A new home without an au pair allowed me to have my own room for an office, which was previously inside our bedroom. This room has quickly morphed into a home gym with a small desk in the corner, but I’m pleased with the outcome.

As your family grows, you may find yourself needing more or different space. What is ideal for your children as toddlers may not be the same as when they are adolescents.
What can you do if you’re in a similar situation?

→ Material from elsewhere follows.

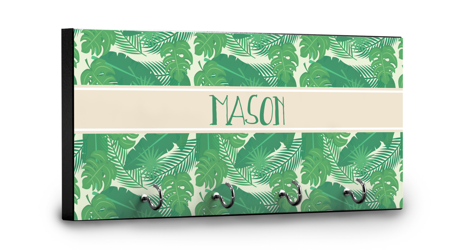 The main design has a cream background with bright green tropical leaves faces every which way. Through the middle of the design sits a cream ribbon, with your personalization on the ribbon itself. Several different kinds of tropical leaves are featured in this fun design.

What can you do to minimize the financial strain if you have these or other non-economic motivations for moving but are trapped by a low mortgage rate? The obvious answer is to wait and only move when interest rates come down. While the days of 3% mortgages are likely gone forever, rates did drop in 2024 and are expected to continue the decline in 2025. You may decide to pull the trigger when rates hit the mid-5s. However, keep in mind that home prices tend to rise as mortgage rates fall, which may work against you.
You could choose to buy a less expensive house. This likely means you will have to purchase a smaller home, one in a cheaper area, or a fixer-upper. Any of these can be good options, depending on your priorities. While it wasn’t necessary, my family would have been happy moving to a smaller home as long as it was closer to the school. If you need to move and can’t wait, you can purchase a new home now and refinance when (if) rates drop.
Another option is to buy a less expensive fixer-upper in your desired neighborhood and postpone the upgrades until you can pay for them in cash. You won’t finance as much money at the higher rates, and you can spread the cost of the remodel over time. This is essentially what we did when we purchased our last house in 2013 but didn’t remodel it until 2016.
Finally, there are other possibilities, such as buying a newly built home from a builder. Some builders are buying down the interest rates for their clients in an effort to boost sales.
Whatever you decide, just remember that optimizing your finances does not have to drive every decision. If you have laid a solid foundation, as outlined in The Financial Vitals Checklist, you can occasionally make a bad decision for good reasons. Personal finance is supposed to improve your life, not control it. Not every decision has to be perfect as long as you can deal with the repercussions.
Conclusion
While I don’t love the higher mortgage, taxes, and insurance payments, I am happy we moved. The new house, especially the new location, is more appropriate for our family at this stage. I am still unsure how I will proceed once our old home sells. Fortunately, being financially independent leaves me with options.
I may choose to pay off the new mortgage. Cash currently earns around 4.5%, but interest is taxed as ordinary income, so the effective return is 2.75% of simple interest. I have yet to find a better use for my cash this year, and paying off the loan would give me an immediate 6.6% return. While there are some downsides to paying off the mortgage, like losing the flexibility of cash and no longer being able to itemize my taxes, it might be worth it.
Then again, I may just hold on to the cash in a money market account, see how low rates drop in 2025, and refinance if advantageous.
For now, we are enjoying our new home while preparing our old one for sale. My wife is happy, my son is thriving at his new school, and all my kids are enjoying their new neighbors. So, while this was inarguably a poor financial decision, it wasn’t a poor life decision. And isn’t that what personal finance is really all about?